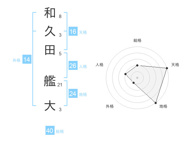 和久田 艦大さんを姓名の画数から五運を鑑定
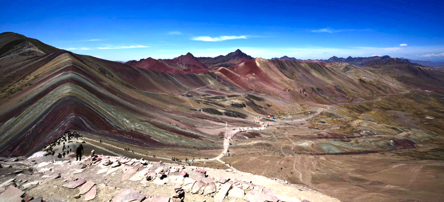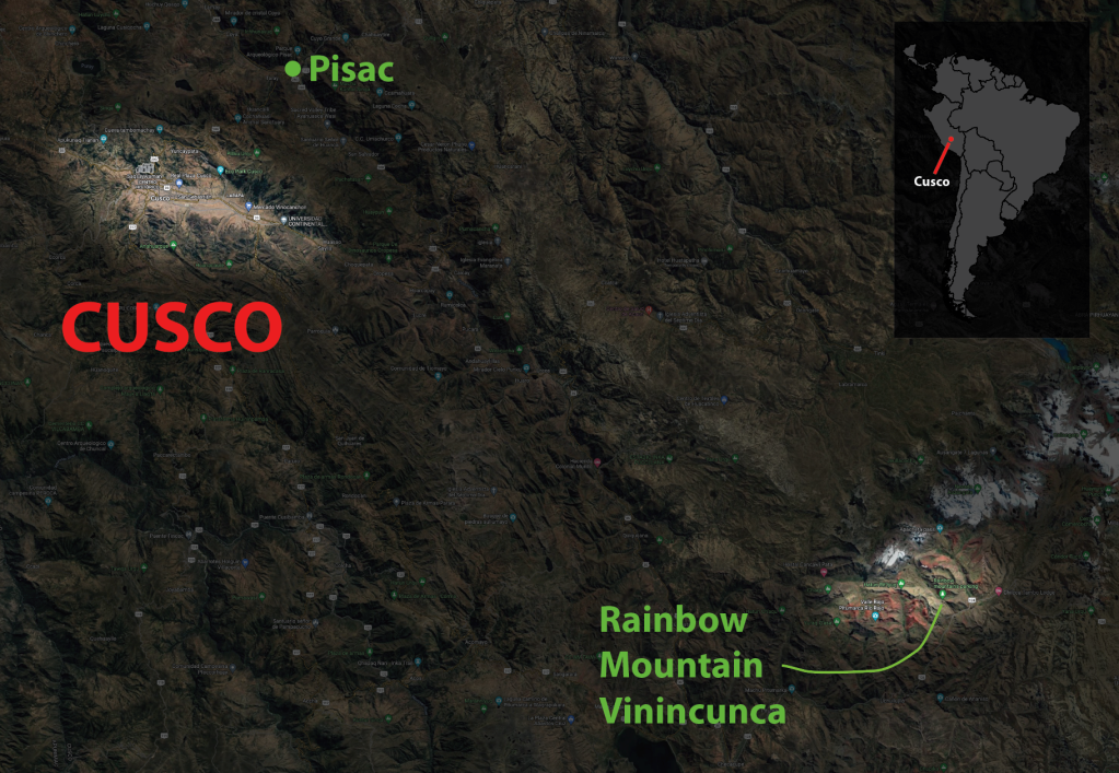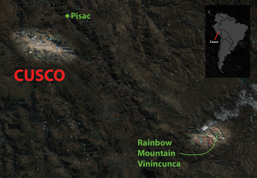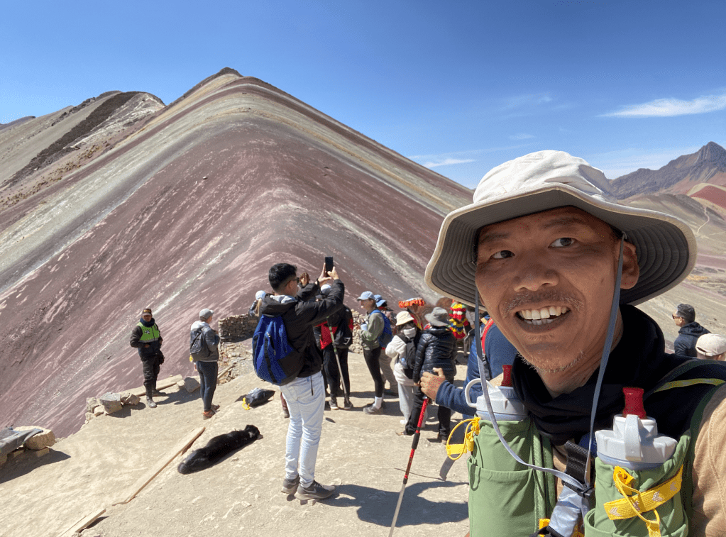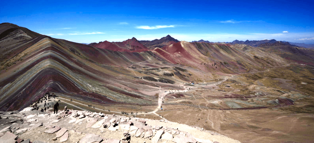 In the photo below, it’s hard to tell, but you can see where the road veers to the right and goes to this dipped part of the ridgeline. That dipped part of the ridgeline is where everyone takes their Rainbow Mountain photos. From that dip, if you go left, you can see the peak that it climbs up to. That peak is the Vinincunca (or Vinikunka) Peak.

---

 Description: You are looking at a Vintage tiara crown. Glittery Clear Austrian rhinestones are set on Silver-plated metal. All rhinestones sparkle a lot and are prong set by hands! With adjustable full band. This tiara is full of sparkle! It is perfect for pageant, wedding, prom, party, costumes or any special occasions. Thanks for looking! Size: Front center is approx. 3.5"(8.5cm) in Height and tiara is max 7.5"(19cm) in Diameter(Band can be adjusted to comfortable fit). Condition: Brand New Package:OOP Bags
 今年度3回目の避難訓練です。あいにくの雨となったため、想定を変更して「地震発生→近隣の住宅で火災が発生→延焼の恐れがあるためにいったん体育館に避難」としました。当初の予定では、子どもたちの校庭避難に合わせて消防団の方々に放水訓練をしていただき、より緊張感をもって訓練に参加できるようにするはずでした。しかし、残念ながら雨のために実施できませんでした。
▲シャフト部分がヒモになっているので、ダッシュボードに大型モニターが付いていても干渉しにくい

#### Work order:
Beginning with the line above that contains "和久田 艦大さんを姓名の画数から五運を鑑定" and finishing with the line that contains "In the photo", print those lines exactly and only. Skip all pictures.

#### Result of the exercise:
 和久田 艦大さんを姓名の画数から五運を鑑定
 In the photo below, it’s hard to tell, but you can see where the road veers to the right and goes to this dipped part of the ridgeline. That dipped part of the ridgeline is where everyone takes their Rainbow Mountain photos. From that dip, if you go left, you can see the peak that it climbs up to. That peak is the Vinincunca (or Vinikunka) Peak.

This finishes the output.